Collected data:

###

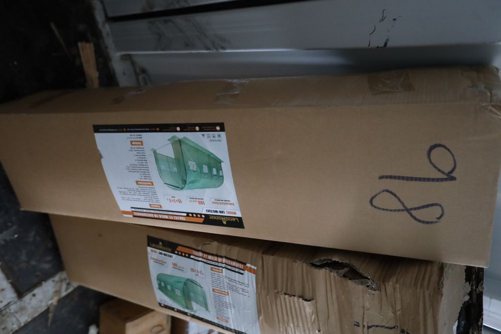 Items include new 2026 Landhonor skid steer bale spears, pallet fork, utility hitch adaptor, three-point hitch adapter, tree puller, six-way dozer blade, screening bucket; skid steer loader; 20,000lbs. electric winch; Big Arm backhoe; 200lbs. cast iron anvil; 65' retractable air hose reel; retractable garden hose; hydraulic shop press; 8'x10' galvanized metal shed; 1" impact wrench; diesel fuel transfer pump w/ 49' hose reel; folding stool; rolling pneumatic stool; telescoping ladder; foldable wagon cart; walk-in greenhouse; two-ton lift hand chair lever hoist & more. Items are located in Pleasant Valley, NY. Preview is highly recommended.
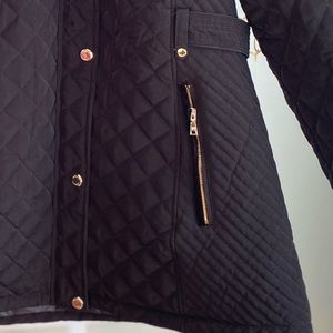 NWT Laundry by Shelli Segal quilted coat, removable hood. Zipper and snap closure, pockets also include zipper closure. Water resistant. Machine wash and dry. Approximately 30” length.
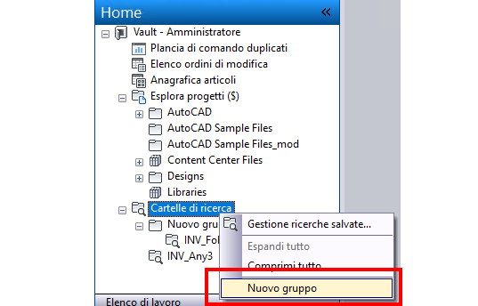 Vault 2021.1 consente ora di raggruppare le ricerche salvate in Vault Client e Inventor.
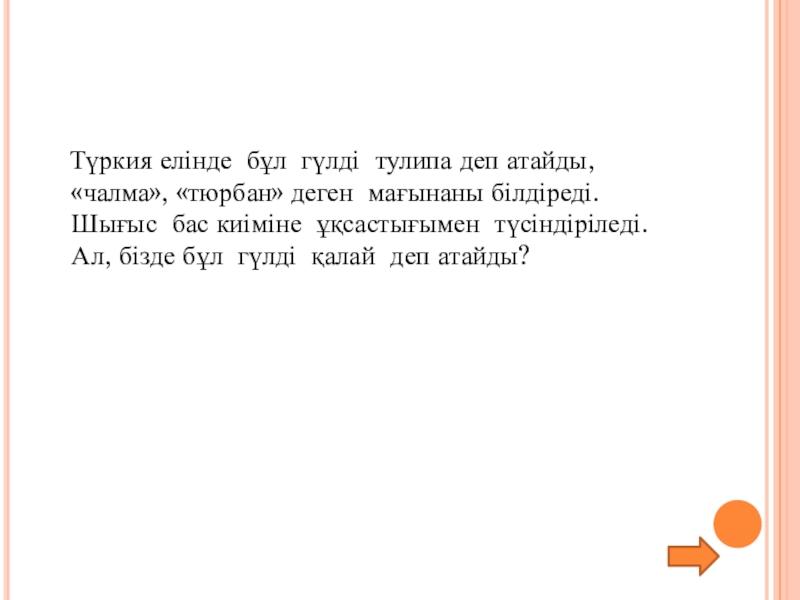 деген мағынаны білдіреді. Шығыс бас киіміне ұқсастығымен түсіндіріледі. Ал, бізде бұл гүлді қалай деп атайды?
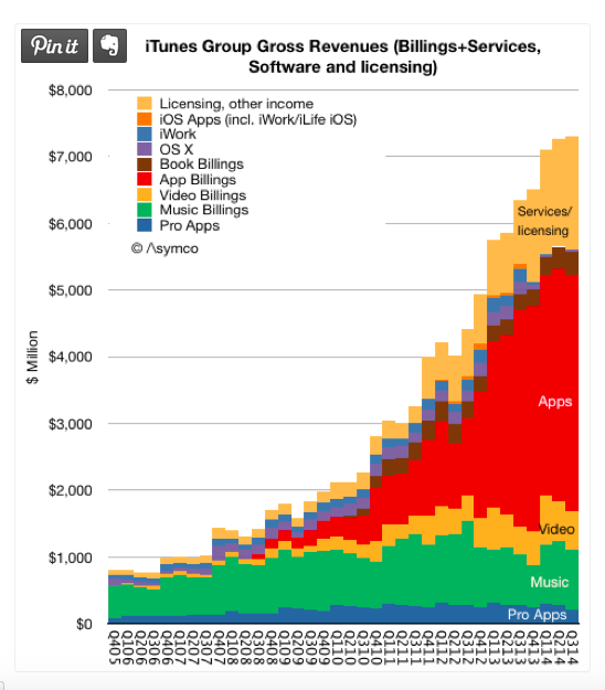 確かに有料音楽配信の売上は伸びてきましたが、一曲ずつ、またアルバムを購入するビジネスをリードしてきたアップルのiTunesの音楽売上はさっぱり成長が止まってしまっています。
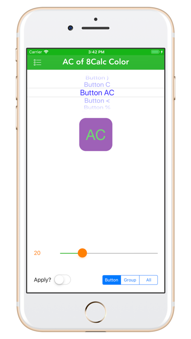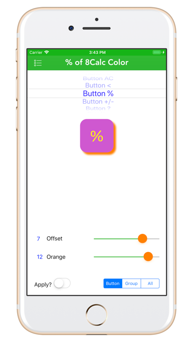 8Calc is an integral part of the 8Apps suite based on the same 'elegant simplicity' design framework. All 8Apps are high-quality software and reasonably priced (free :). Enjoy! 8Calc 'philosophy' is that the user knows best how they like to see their calculator and numbers! No more 3rd party themes (mostly paid or subscribed). 8Calc allows you to design your own calculator entity (button, display, history and view) colors/colours, shapes, fonts, borders and shadows, either by individual buttons, by a group of buttons or all buttons at once. It's, quite literally, YOUR calculator. 8Calc: Design Your Own Calc! 8Calc allows you to customize every single button; change any button's': - Background and Text Colors/Colours - Shape (square, directly, diamond,etc, etc) - Font Style and Size - Border Color/Colour and Width - Shadow Color/Colour and Offset Slide Menu: 8Calc: 8Calc view is the main app calculator, based on a powerful mathematics parser and adheres to operators precedence. It performs just like Apple's native calculator. So, the expression 1+2*3 will evaluate to 7 (2*3 is 6, then added to 1). Tap 'Themes' icon to switch themes (instantly!). Themes: Everything you see in 8Calc (groups, buttons, colors, etc.) is related to the Current Theme. The menu option 'Themes' show all themes, highlighting the Current Theme. You can select any theme and it becomes Current Theme immediately. On the 8Calc view, you can also tap 'Themes' and change the Current Theme or tap 'Save Theme' and the Current Theme (displayed) will be saved to your user-defined new theme. Groups: Groups are optional, but very powerful. 9 Groups are delivered and the menu option 'Groups' show the buttons currenly grouped in the Group and if you tap the button itself you'll see the button image and details. You cannot assign buttons to Groups here, you can only see the assignments (done in the Buttons menu). Buttons: Buttons show all the Current Theme buttons, the image and details of each button and allows you to build relationships between buttons and groups, assigning any of buttons to any of 9 groups. That's plenty of grouping options. Once Buttons are assigned to a Group, you can customize all the Group Buttons in one go: change the group colors, shapes, fonts, borders and shadows with 1 tap. As you experience 8Calc more, you are going to love this feature! it is powerful and so convenient. Once you assigned the first couple of buttons, you will (hopefully) fly through the rest like a breeze. Colors/Colours: Colors allow you to customize each 8Calc button background and text colors. There are no known limits, as you use 3 color sliders: red, green and blue, to make any color you want. The sliders changes are reflected in real-time on a sample button and their values are shown (for reference, so you can record your favorite RGB color values while you experiment and have fun). Shapes: Shapes allow you to customize each 8Calc button shape. This is done by changing the corner radius of the button, where you can go from 0 (a square) to the max number (a rough diamond) passing through the middle ground (44-54) of a circle. Fonts: Fonts allow you to customize each 8Calc button font text and size. Move each slider and watch the sample button changing font and size. Borders: Borders allow you to customize each 8Calc button border color/colour and width. Move each slider and watch the sample button changing border color/colour and width. Shadows: Shadows allow you to customize each 8Calc button shadow color/colour and offset (distance away from button border) Move each slider and watch the sample button changing shadow color/colour and offset. RPNCalc: RPNCalc is based on the Reverse Polish Notation (RPN) structure and logic; it does not have an equal sign. SimpleCalc: SimpleCalc is based on the traditional calculators logic; it evaluates expressions from left to right as they are entered. 8Calc is a calculator with an attitude; yours.
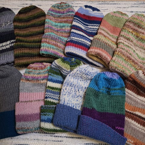 Erivärisiä myssyjä, kudottuja
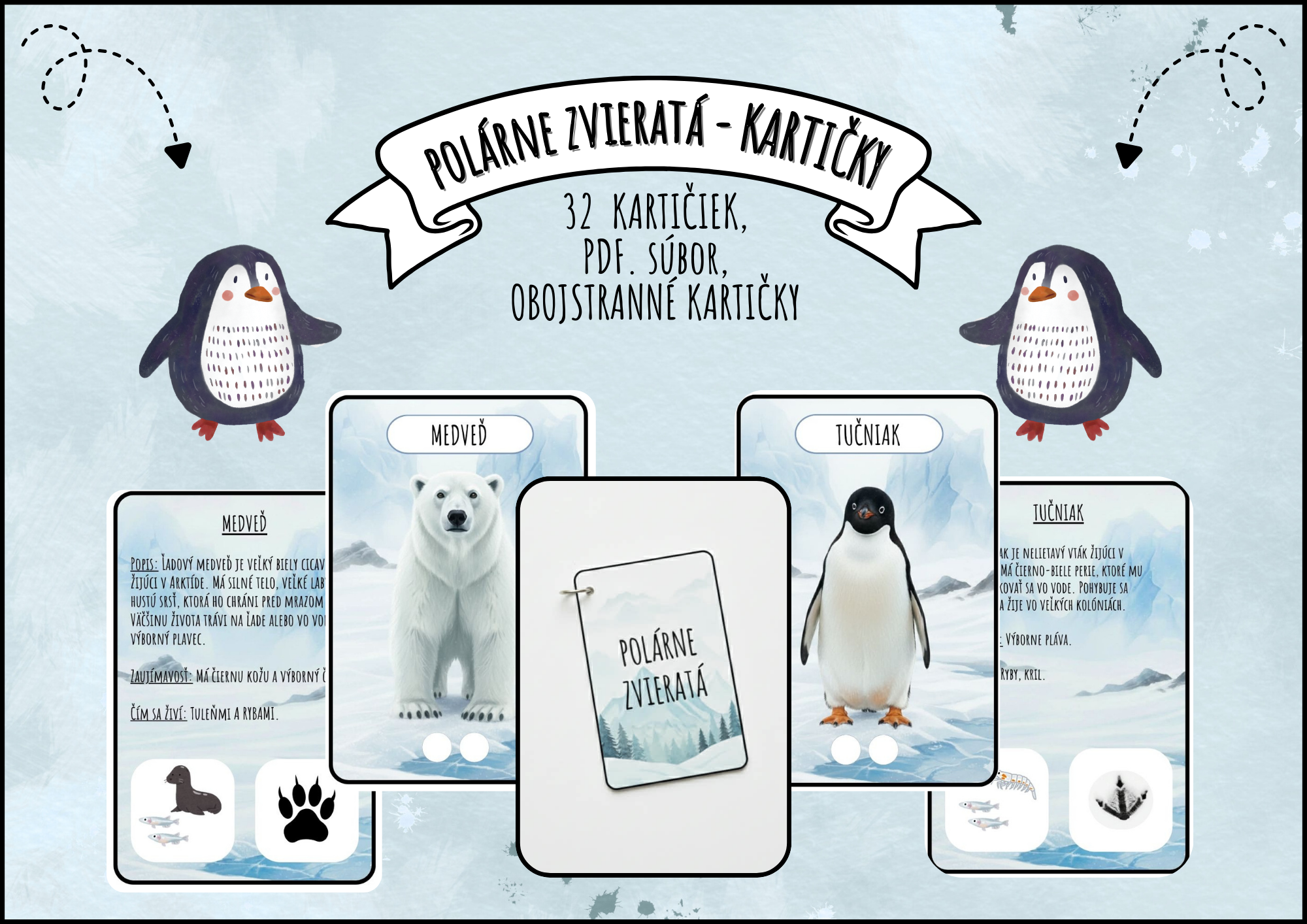 POLÁRNE ZVIERATÁ - OBOJSTRANNÉ KARTIČKY
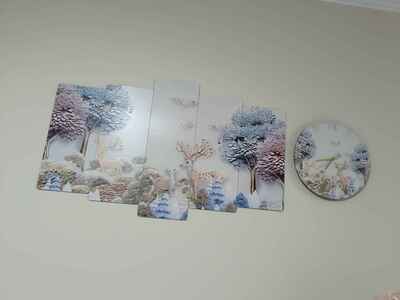 Çiçekli Manzaralı Dekoratif Desenli Mdf Tablo 5 Parça Set Ve saatli Çiçekli Manzaralı Dekoratif Desenli Mdf Tablo 5 Parça Set Ve saatli farksaattb1003 60 x 120
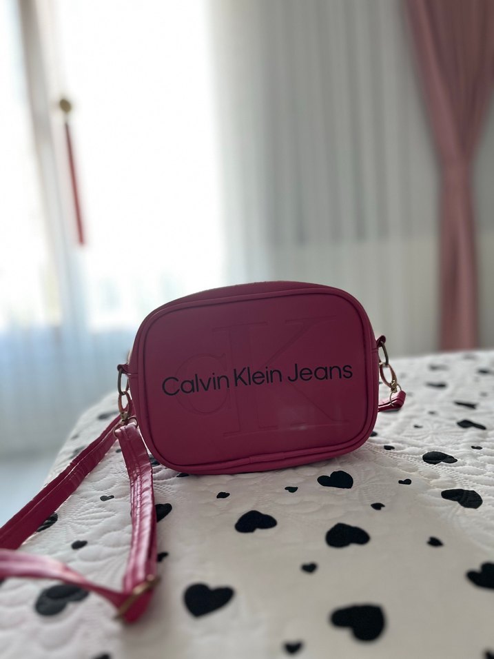 Calvin Klein pembe çapraz çanta, tokalı askıya ve baskılı desene sahiptir. Dayanıklı plastikten yapılmış, günlük kullanıma ve sokak stiline uygundur.
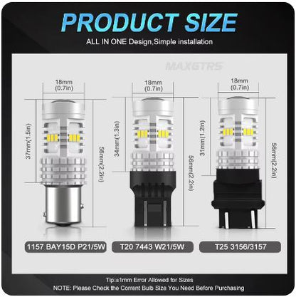 Looking to brighten up your vehicle and stand out on the road? Look no further than the MAXGTRS 7443 W21/5W T20 Double Contact Led Bulb! This high-quality LED bulb is designed to provide superior brightness and visibility, making your ride not only safer but also more stylish. Say goodbye to dull, outdated lighting and upgrade to MAXGTRS for a truly illuminating experience!
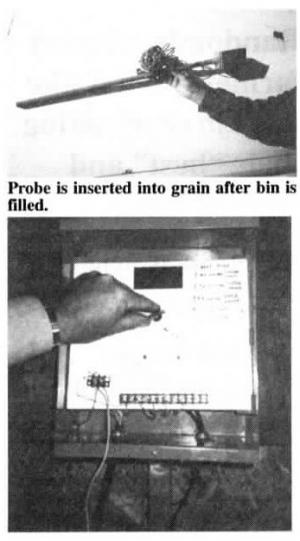 Individual probes are inserted into the top of the grain after bin is filled. The probes are wired to a central monitor that operates on 110V electricity, which it transforms to 24 volts DC., which may be wired by any-one. Checking grain temperature in up to 11 bins is as simple as flipping the dial and noting actual temperature of stored grain in each bin on the monitor's digital readout.
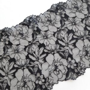 Black floral embroidered tulle fabric
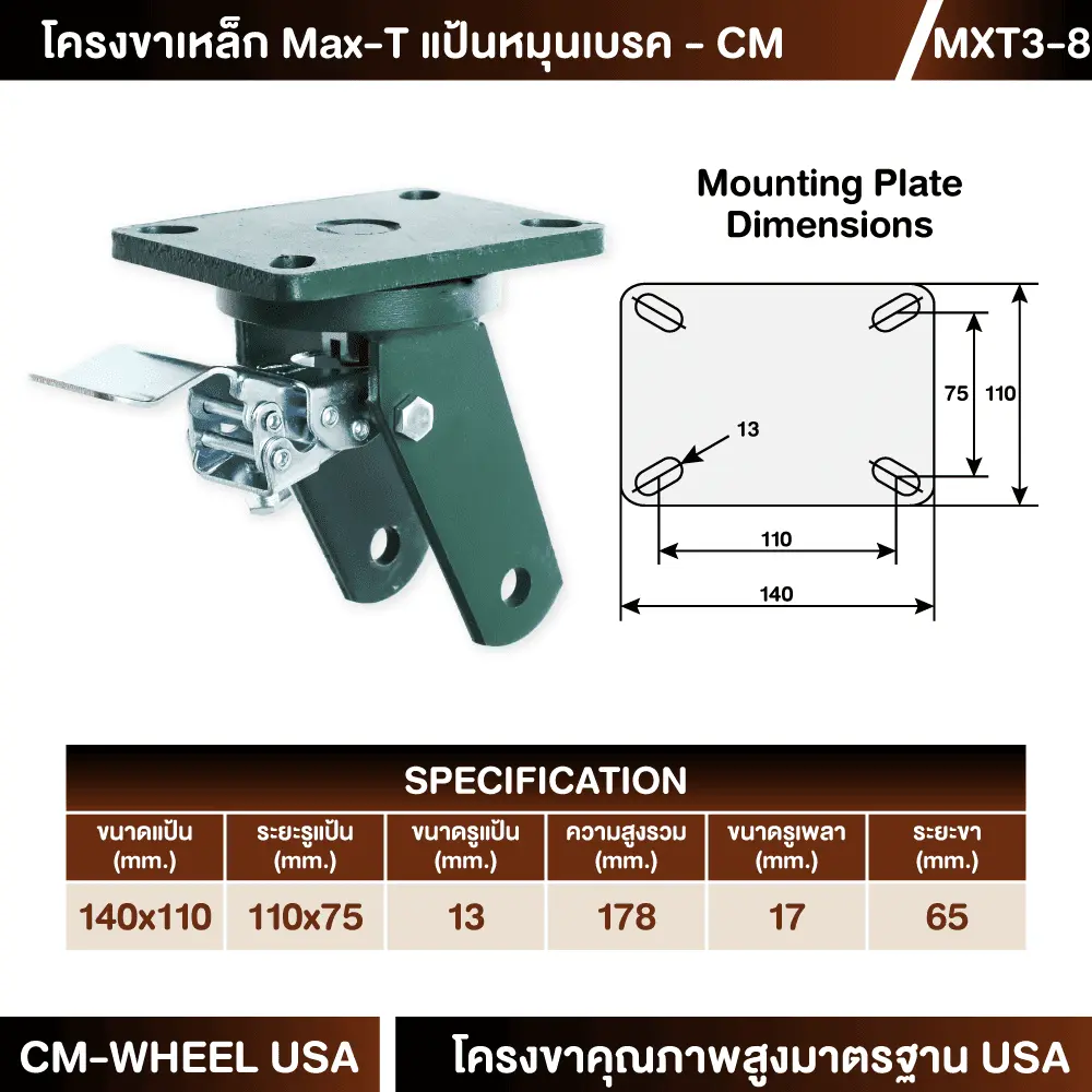 โครงขาเหล็กเชื่อมMax-T งานหนัก แป้นหมุนเบรค CM ของเราสามารถรองรับน้ำหนักการใช้งาน ตามการโหลดใช้ที่ระบุตามขนาดมาตรฐานสินค้าได้ตรงจริง มีมาตรฐานรองรับสูง ทำให้ผู้ใช้งานจริงหมดกังวลกับปัญหาที่พบกับสินค้าทั่วไปในท้องตลาด
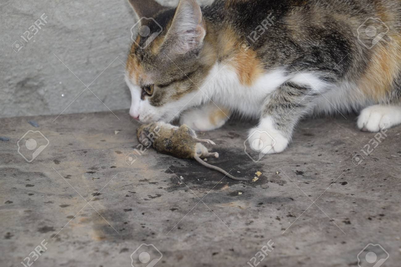 Кот ест мышь
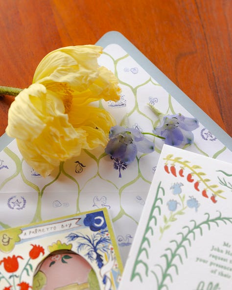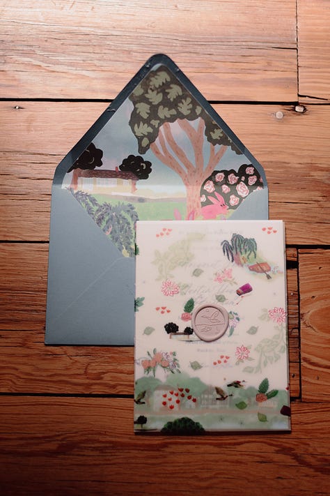 The vellum jacket that held the suite together included a repeat pattern of florals and illustrative elements pulled from the envelope liner artwork
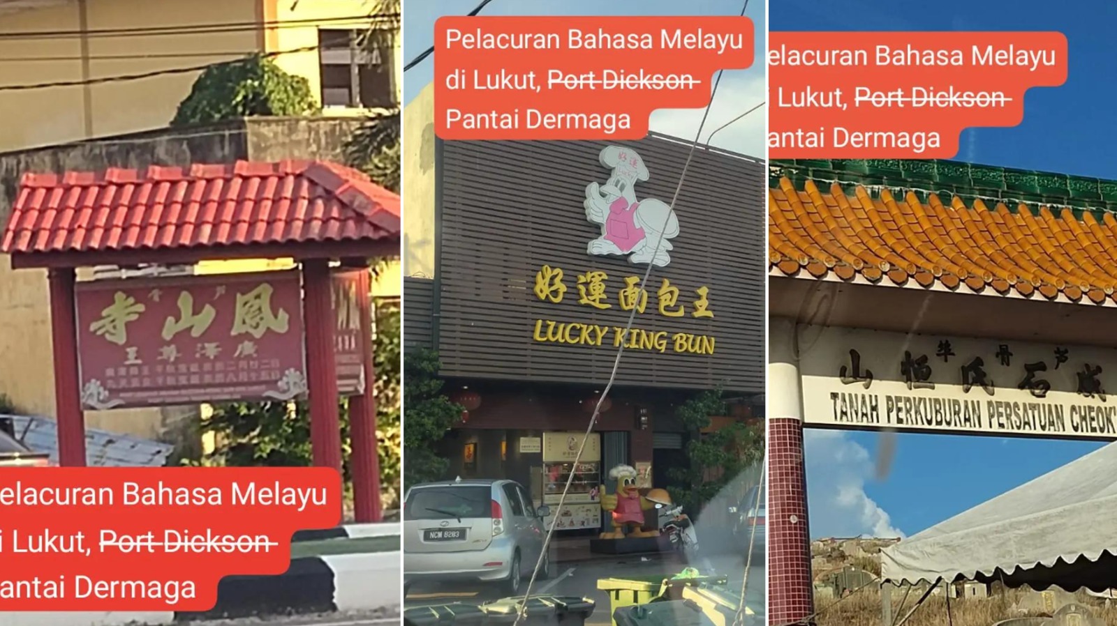 除了立百新村的中文路牌被盯上,位于森美兰波德申芦骨一些华人庙宇的招牌也被该组织点名。(截图自短视频平台TikTok账号@identiti.malaysia)

###

What you will do:
Return only the lines running from the start of the entries above to the line that contains "確かに有料音楽配信の売上は伸", inclusive, and omit every picture.

Solution for this problem:
 Items include new 2026 Landhonor skid steer bale spears, pallet fork, utility hitch adaptor, three-point hitch adapter, tree puller, six-way dozer blade, screening bucket; skid steer loader; 20,000lbs. electric winch; Big Arm backhoe; 200lbs. cast iron anvil; 65' retractable air hose reel; retractable garden hose; hydraulic shop press; 8'x10' galvanized metal shed; 1" impact wrench; diesel fuel transfer pump w/ 49' hose reel; folding stool; rolling pneumatic stool; telescoping ladder; foldable wagon cart; walk-in greenhouse; two-ton lift hand chair lever hoist & more. Items are located in Pleasant Valley, NY. Preview is highly recommended.
 NWT Laundry by Shelli Segal quilted coat, removable hood. Zipper and snap closure, pockets also include zipper closure. Water resistant. Machine wash and dry. Approximately 30” length.
 Vault 2021.1 consente ora di raggruppare le ricerche salvate in Vault Client e Inventor.
 деген мағынаны білдіреді. Шығыс бас киіміне ұқсастығымен түсіндіріледі. Ал, бізде бұл гүлді қалай деп атайды?
 確かに有料音楽配信の売上は伸びてきましたが、一曲ずつ、またアルバムを購入するビジネスをリードしてきたアップルのiTunesの音楽売上はさっぱり成長が止まってしまっています。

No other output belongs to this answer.